Comments 2: Another important limitation of the approach used for this population needs more discussion is inherent to using MUSHRA in patients with hearing loss. Particularlry using CI but also relevant to this study is that there is no "normal hearing ear" for the reference. Landsberger, et al (cited in the references) avoids this issue as they tested SSD patients and used the normal hearing ear as the "ruler." In this study, some of the patients have significant hearing loss (severe range) in their acoustic ear.

Response 2: Thank you for raising this important point. In order to make clearer that MUSHRA does not need an overt reference (such as the normal hearing ear) but that the quality assessments are based on the comparisons of the various conditions, we write: “The “multiple-stimulus with hidden reference and anchor” (MUSHRA) test was used for sound quality assessment (see recommendation [25]).
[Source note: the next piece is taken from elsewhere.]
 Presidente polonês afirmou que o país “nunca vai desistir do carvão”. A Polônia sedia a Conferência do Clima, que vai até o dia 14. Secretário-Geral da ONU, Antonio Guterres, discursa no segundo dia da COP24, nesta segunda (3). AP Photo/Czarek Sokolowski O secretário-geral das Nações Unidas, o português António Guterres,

This method does not require an overt reference such as the healthy ear in patients with single sided deafness [26 –Landsberger et al. 2020]. Instead, it allows simultaneous comparison and rating of different stimuli. Typically, the stimuli are compared against a known reference stimulus that is chosen to have the best quality. However, in our case the reference (i.e., fitting based on DSL v5.0) was only presented in a hidden form, since it must not necessarily present optimal sound quality.”

In general, MUSHRA has been used several times in patients with hearing loss and/or cochlear implants – sometimes even labelled as CI-MUSHRA ([42] Roy et al. 2012, DOI: 10.1177/1084713812465493)

Comments 3: I think consideration and some discussion about this is important-- did these individuals with significant hearing loss truly identify the reference as "100", the highest quality rating to which compare all other samples? This is critical to use this approach effectively and is not valid when presenting to the reference to a CI ear, for example.

Response 3: In the MUSHRA-approach, the reference is hidden. It must not necessarily yield the highest sound quality (i.e., 100). To avoid this potential misunderstanding we have reworded the text (please see above).

minor grammatical point:

Comments 4: line 239 "peace" should be "piece"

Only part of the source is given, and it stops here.